§ **Data records**
--------------------------------
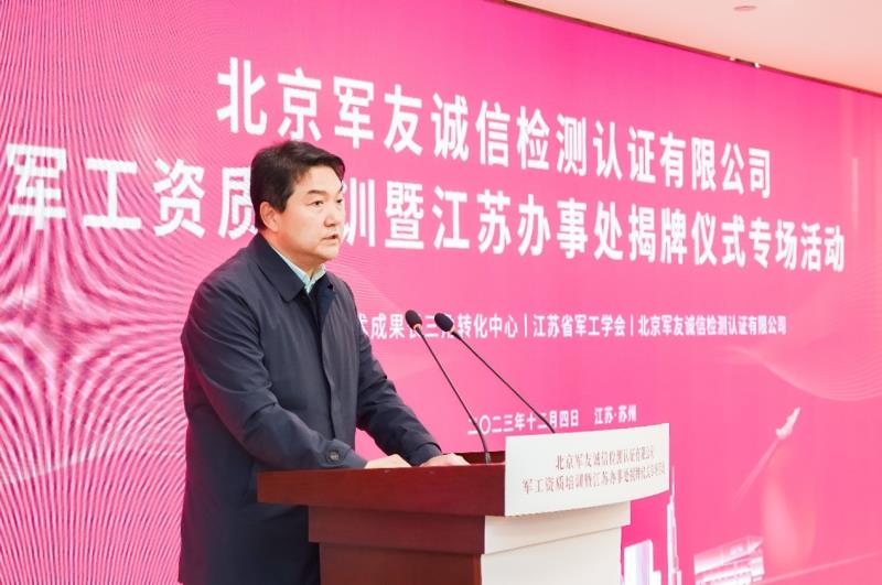 為貫徹落實(shí)習(xí)近平總書(shū)記關(guān)于深入推進(jìn)長(zhǎng)三角一體化發(fā)展的指示要求,更好的服務(wù)支撐國(guó)家創(chuàng)新驅(qū)動(dòng)發(fā)展戰(zhàn)略和民參軍、軍轉(zhuǎn)民深度發(fā)展戰(zhàn)略,助力長(zhǎng)三角區(qū)域的科技創(chuàng)新和產(chǎn)業(yè)創(chuàng)新深度融合發(fā)展,由先進(jìn)技術(shù)成果長(zhǎng)三角轉(zhuǎn)化中心(以下簡(jiǎn)稱轉(zhuǎn)化中心)、江蘇省軍工學(xué)會(huì)、北京軍友誠(chéng)信檢測(cè)認(rèn)證有限公司(以下簡(jiǎn)稱軍友誠(chéng)信)聯(lián)合主辦的“先進(jìn)成果長(zhǎng)三角轉(zhuǎn)化中心孵化基地專場(chǎng)活動(dòng)”在蘇州舉行。國(guó)家國(guó)防科工局經(jīng)濟(jì)技術(shù)發(fā)展中心(以下簡(jiǎn)稱發(fā)展中心)副主任王海鵬、轉(zhuǎn)化中心主任張杰、江蘇省工業(yè)和信息化廳二級(jí)巡視員譚曉平、江蘇省軍工學(xué)會(huì)副理事長(zhǎng)習(xí)仁國(guó)、蘇州市相城區(qū)副區(qū)長(zhǎng)邢鵬、軍友誠(chéng)信總經(jīng)理周濤出席開(kāi)幕式,以及來(lái)自軍地有關(guān)部門(mén)和單位、活動(dòng)主辦方、科研機(jī)構(gòu)、知名企業(yè)的領(lǐng)導(dǎo)和代表共計(jì)130余人參加會(huì)議。軍友誠(chéng)信副總經(jīng)理謝志磊主持開(kāi)幕式。
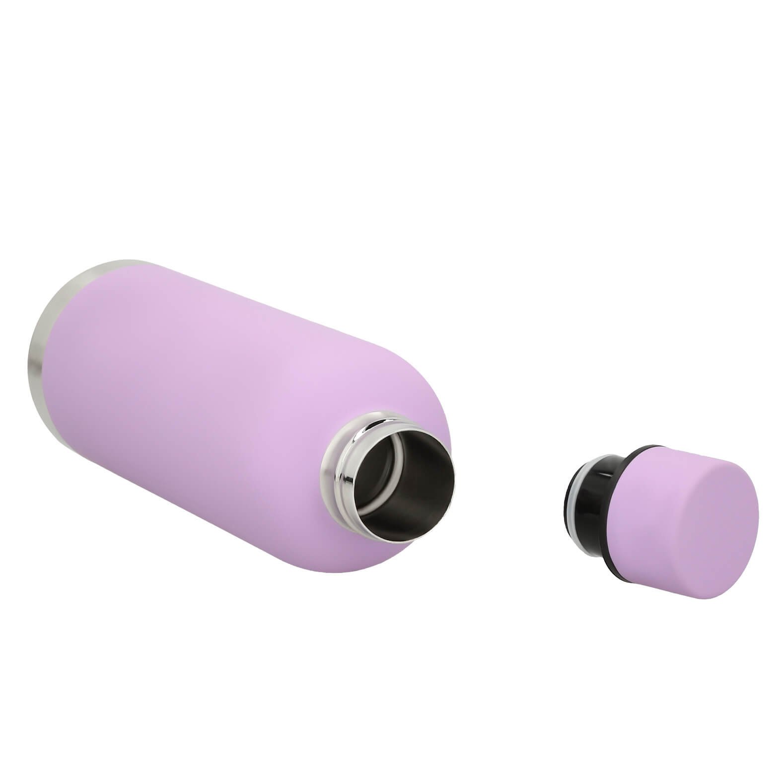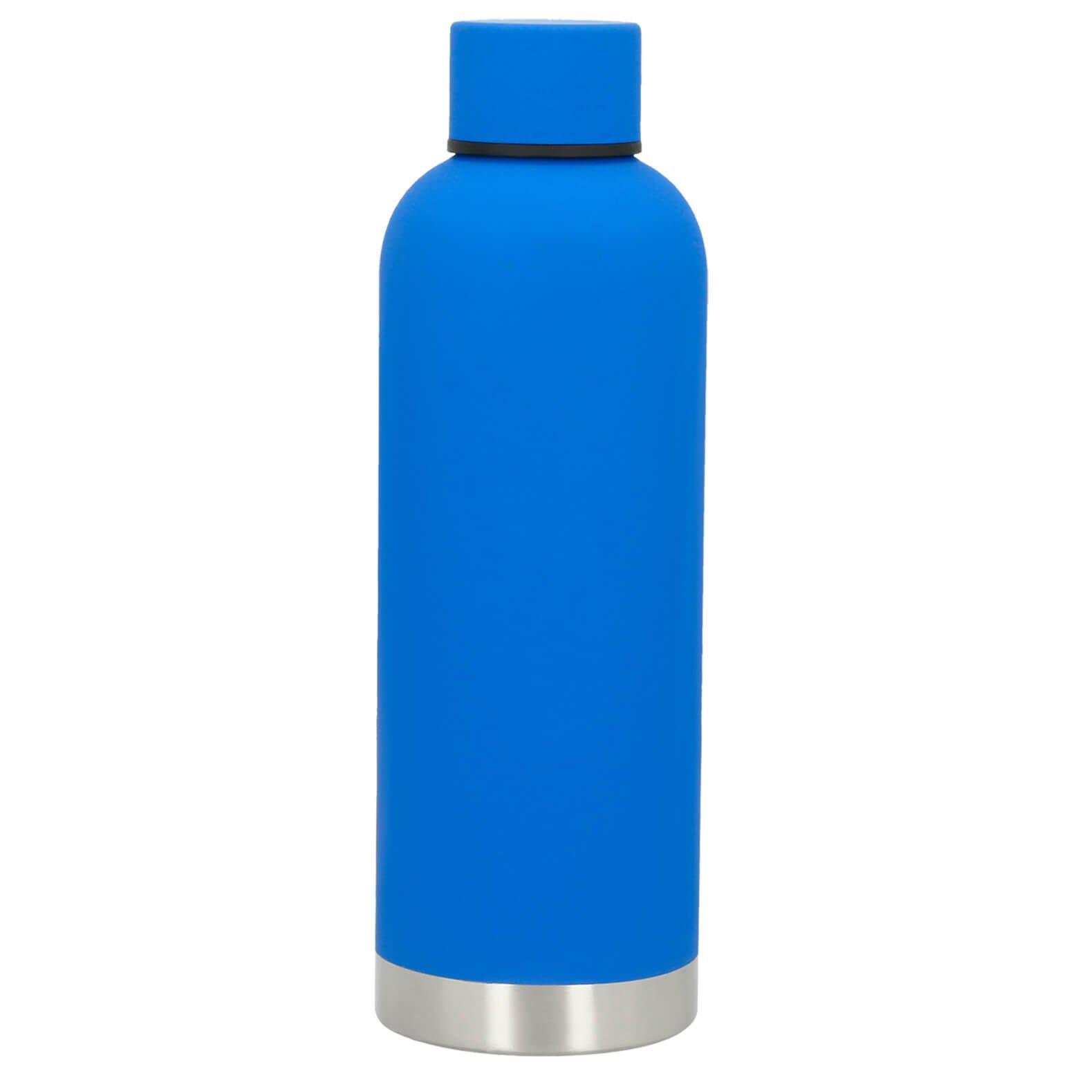 Termo de acero inoxidable de doble pared insulado al vacío con acabado rubber y tapa enroscable.
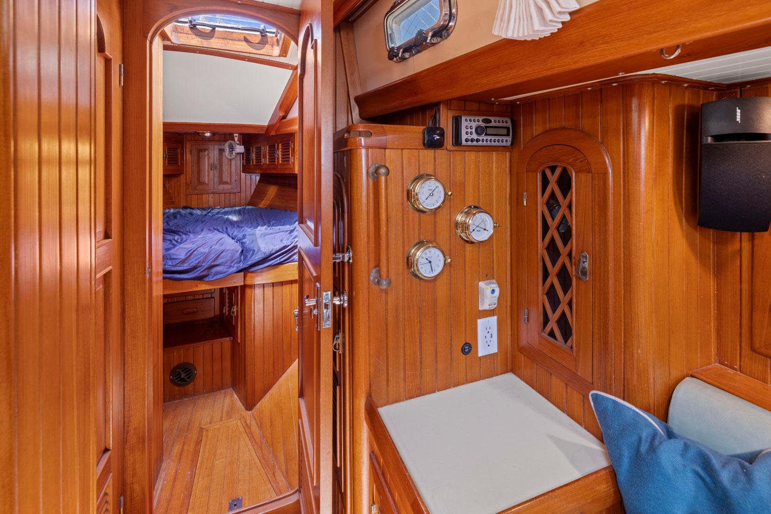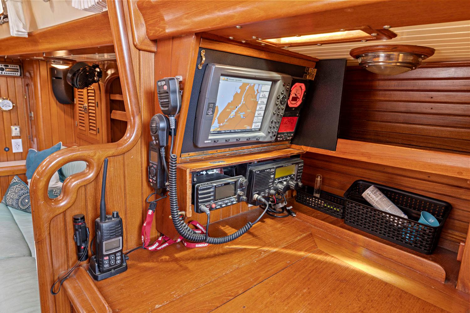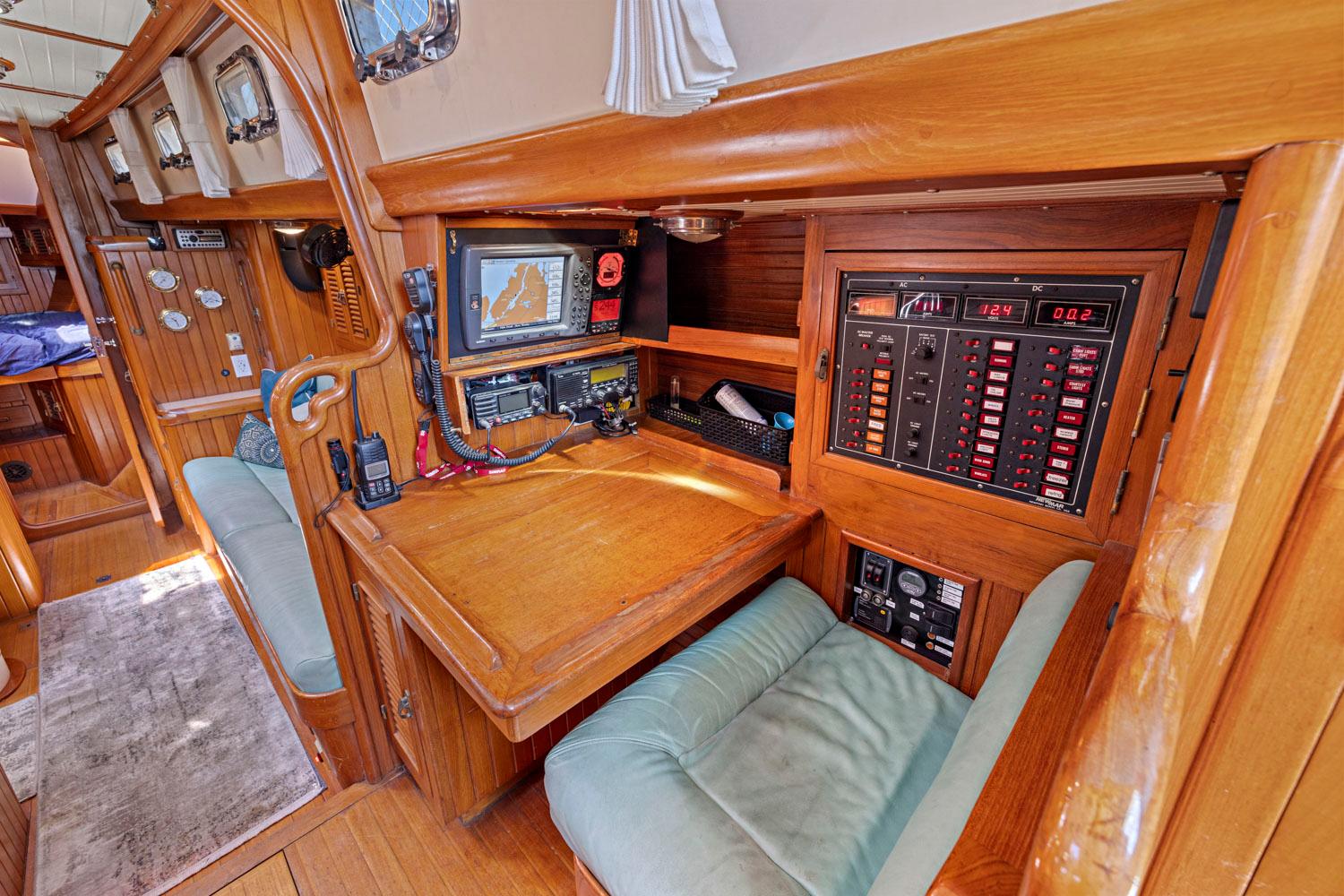 - Nav station to starboard with desktop, electrical panels, electronics
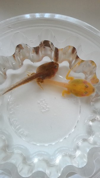 2匹して赤虫を食べる食べる(笑) だいぶ後ろ足もしっかりしてきて、背中にも模様が出始めました! オタマ期もあと僅かです(*^-^*)
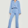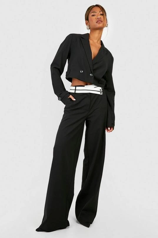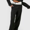 BOOHOO Marl Contrast Waistband Wide Leg Dress Pants
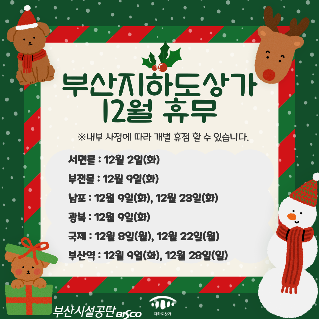 📢 부산시설공단 지하도상가 12월 휴무일 알려드립니다 !
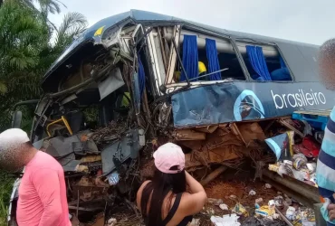 Uma colisão frontal entre um ônibus intermunicipal da empresa Brasileiro e um caminhão-baú na tarde ...
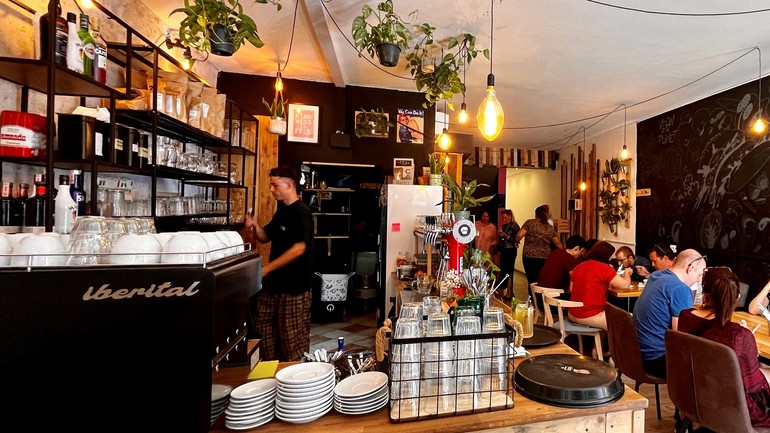 Bistro funguje v domčeku na Jozefskej ulici neďaleko Kollárovho námestia v Starom Meste. Ak nie ste práve v centre, ideálne je prísť mestskou dopravou alebo hoci na kolobežke, aby ste nemuseli riešiť problém s parkovaním. Prekvapilo nás, že už pred dvanástou bolo plno, jedálny lístok bez kúska mäsa má zjavne veľa fanúšikov. Našli sme posledný voľný stôl v príjemne klimatizovanej miestnosti, sedieť sa však dá aj vonku na terase.
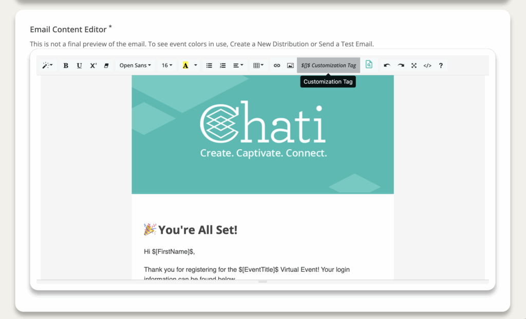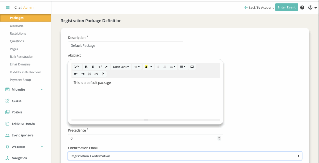 Each registration package in Chati can have its own customized confirmation email. This allows you to send targeted, package-specific information to attendees based on their registration type. Registration confirmation emails are automatically sent to users after they register.
--------------------------------
Leaving out the pictures, reproduce the whole listing above exactly.

 為貫徹落實(shí)習(xí)近平總書(shū)記關(guān)于深入推進(jìn)長(zhǎng)三角一體化發(fā)展的指示要求,更好的服務(wù)支撐國(guó)家創(chuàng)新驅(qū)動(dòng)發(fā)展戰(zhàn)略和民參軍、軍轉(zhuǎn)民深度發(fā)展戰(zhàn)略,助力長(zhǎng)三角區(qū)域的科技創(chuàng)新和產(chǎn)業(yè)創(chuàng)新深度融合發(fā)展,由先進(jìn)技術(shù)成果長(zhǎng)三角轉(zhuǎn)化中心(以下簡(jiǎn)稱轉(zhuǎn)化中心)、江蘇省軍工學(xué)會(huì)、北京軍友誠(chéng)信檢測(cè)認(rèn)證有限公司(以下簡(jiǎn)稱軍友誠(chéng)信)聯(lián)合主辦的“先進(jìn)成果長(zhǎng)三角轉(zhuǎn)化中心孵化基地專場(chǎng)活動(dòng)”在蘇州舉行。國(guó)家國(guó)防科工局經(jīng)濟(jì)技術(shù)發(fā)展中心(以下簡(jiǎn)稱發(fā)展中心)副主任王海鵬、轉(zhuǎn)化中心主任張杰、江蘇省工業(yè)和信息化廳二級(jí)巡視員譚曉平、江蘇省軍工學(xué)會(huì)副理事長(zhǎng)習(xí)仁國(guó)、蘇州市相城區(qū)副區(qū)長(zhǎng)邢鵬、軍友誠(chéng)信總經(jīng)理周濤出席開(kāi)幕式,以及來(lái)自軍地有關(guān)部門(mén)和單位、活動(dòng)主辦方、科研機(jī)構(gòu)、知名企業(yè)的領(lǐng)導(dǎo)和代表共計(jì)130余人參加會(huì)議。軍友誠(chéng)信副總經(jīng)理謝志磊主持開(kāi)幕式。
 Termo de acero inoxidable de doble pared insulado al vacío con acabado rubber y tapa enroscable.
 - Nav station to starboard with desktop, electrical panels, electronics
 2匹して赤虫を食べる食べる(笑) だいぶ後ろ足もしっかりしてきて、背中にも模様が出始めました! オタマ期もあと僅かです(*^-^*)
 BOOHOO Marl Contrast Waistband Wide Leg Dress Pants
 📢 부산시설공단 지하도상가 12월 휴무일 알려드립니다 !
 Uma colisão frontal entre um ônibus intermunicipal da empresa Brasileiro e um caminhão-baú na tarde ...
 Bistro funguje v domčeku na Jozefskej ulici neďaleko Kollárovho námestia v Starom Meste. Ak nie ste práve v centre, ideálne je prísť mestskou dopravou alebo hoci na kolobežke, aby ste nemuseli riešiť problém s parkovaním. Prekvapilo nás, že už pred dvanástou bolo plno, jedálny lístok bez kúska mäsa má zjavne veľa fanúšikov. Našli sme posledný voľný stôl v príjemne klimatizovanej miestnosti, sedieť sa však dá aj vonku na terase.
 Each registration package in Chati can have its own customized confirmation email. This allows you to send targeted, package-specific information to attendees based on their registration type. Registration confirmation emails are automatically sent to users after they register.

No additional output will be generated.